Records contained in a dataset
+ + + + + + +
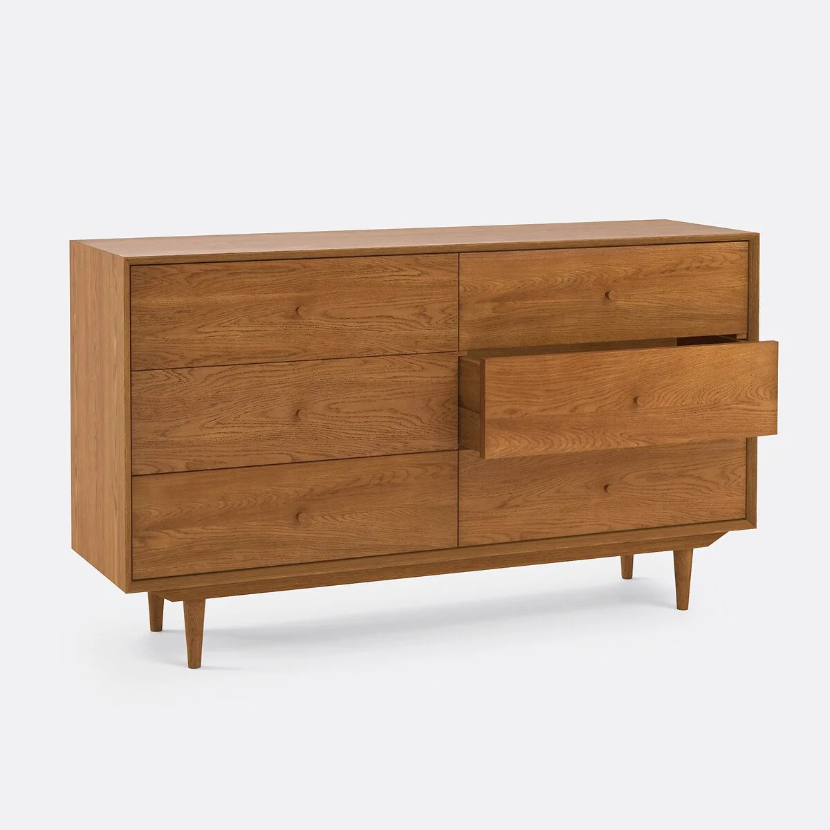 I 5 cassetti con apertura a pressione mantengono il design pulito (niente maniglie in vista), così resta protagonista la bellezza del legno.
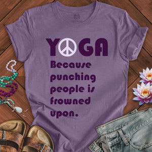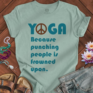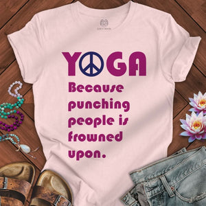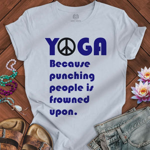 Funny Yoga Peace Sign Tee – "Yoga Because Punching People Is Frowned Upon" Shirt – Lotus Moon
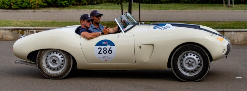 De opname maakte ik gisterenmiddag in Monza vlak na een stempelpost en vlak voor een tijdcontrole achter mijn rug. Stapvoets rijdend op de seconde deze afstand afleggen en een mooie gelegenheid voor serietjes foto’s biedend. Bernhard maakt al jaren deel uit van een groot aantal Nederlanders dat aan dit evenement deelneemt. Kostbare zaak hoor!
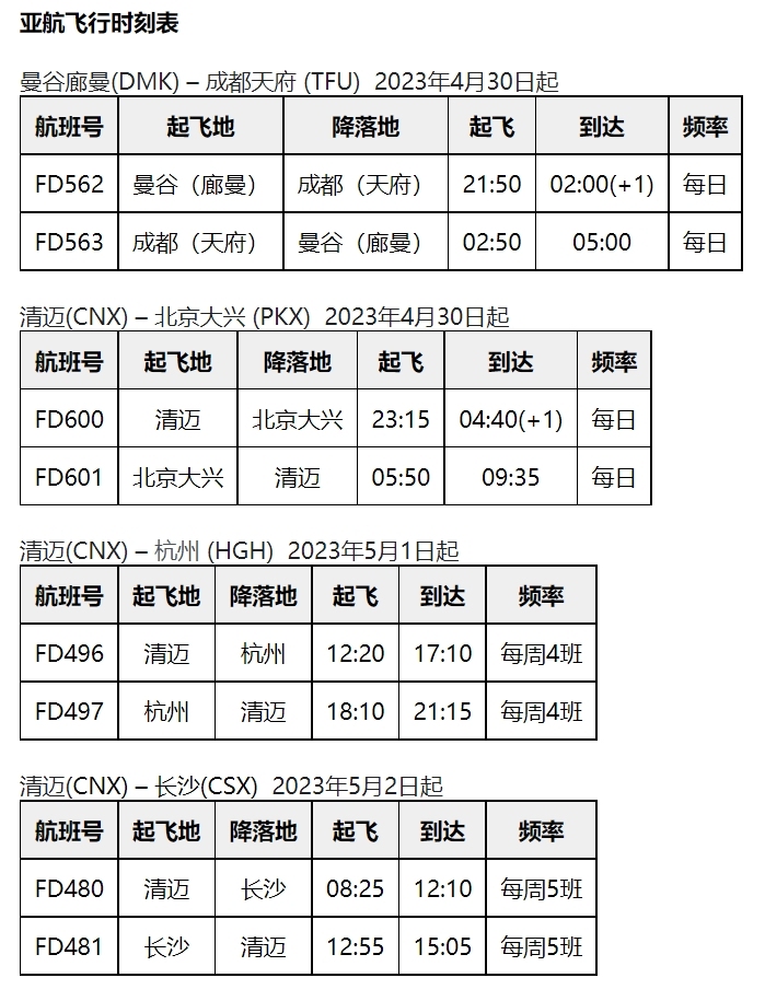 4月5日消息:亚洲航空继续恢复其历史航班,第二季度开始游客前往泰国将有更多的选择。这次亚航将恢复4条直飞泰国的航线,分别是曼谷(廊曼)-成都(每周7班)、清迈-北京(每周7班)、清迈-杭州(每周4班)和清迈-长沙(每周5班)。这些航线将于2023年4月30日开始陆续投入运营。
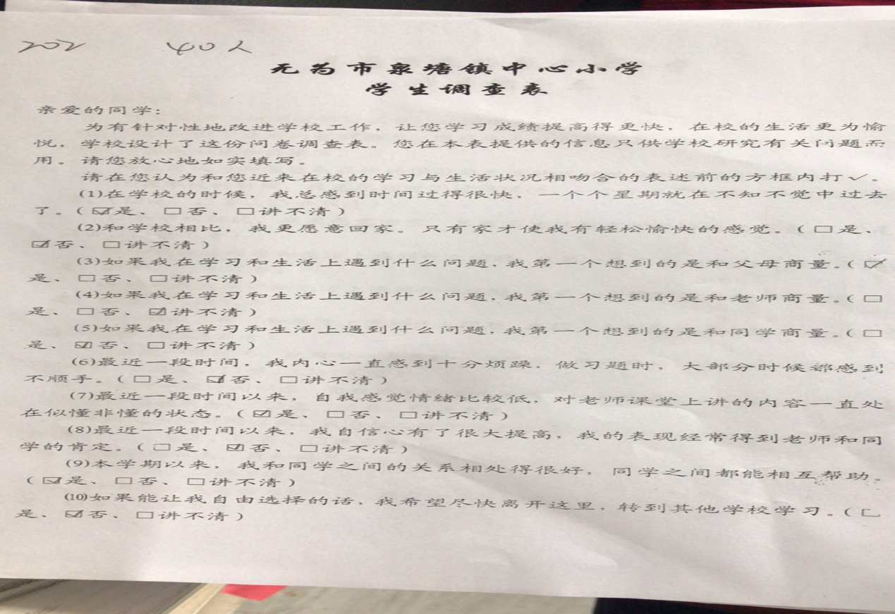 泉塘鎮(zhèn)中心小學開展學生心理狀況問卷調查。
+ + + + + + +
Activity
Please print the records above once more, word for word, omitting all pictures.

Task answer
 I 5 cassetti con apertura a pressione mantengono il design pulito (niente maniglie in vista), così resta protagonista la bellezza del legno.
 Funny Yoga Peace Sign Tee – "Yoga Because Punching People Is Frowned Upon" Shirt – Lotus Moon
 De opname maakte ik gisterenmiddag in Monza vlak na een stempelpost en vlak voor een tijdcontrole achter mijn rug. Stapvoets rijdend op de seconde deze afstand afleggen en een mooie gelegenheid voor serietjes foto’s biedend. Bernhard maakt al jaren deel uit van een groot aantal Nederlanders dat aan dit evenement deelneemt. Kostbare zaak hoor!
 4月5日消息:亚洲航空继续恢复其历史航班,第二季度开始游客前往泰国将有更多的选择。这次亚航将恢复4条直飞泰国的航线,分别是曼谷(廊曼)-成都(每周7班)、清迈-北京(每周7班)、清迈-杭州(每周4班)和清迈-长沙(每周5班)。这些航线将于2023年4月30日开始陆续投入运营。
 泉塘鎮(zhèn)中心小學開展學生心理狀況問卷調查。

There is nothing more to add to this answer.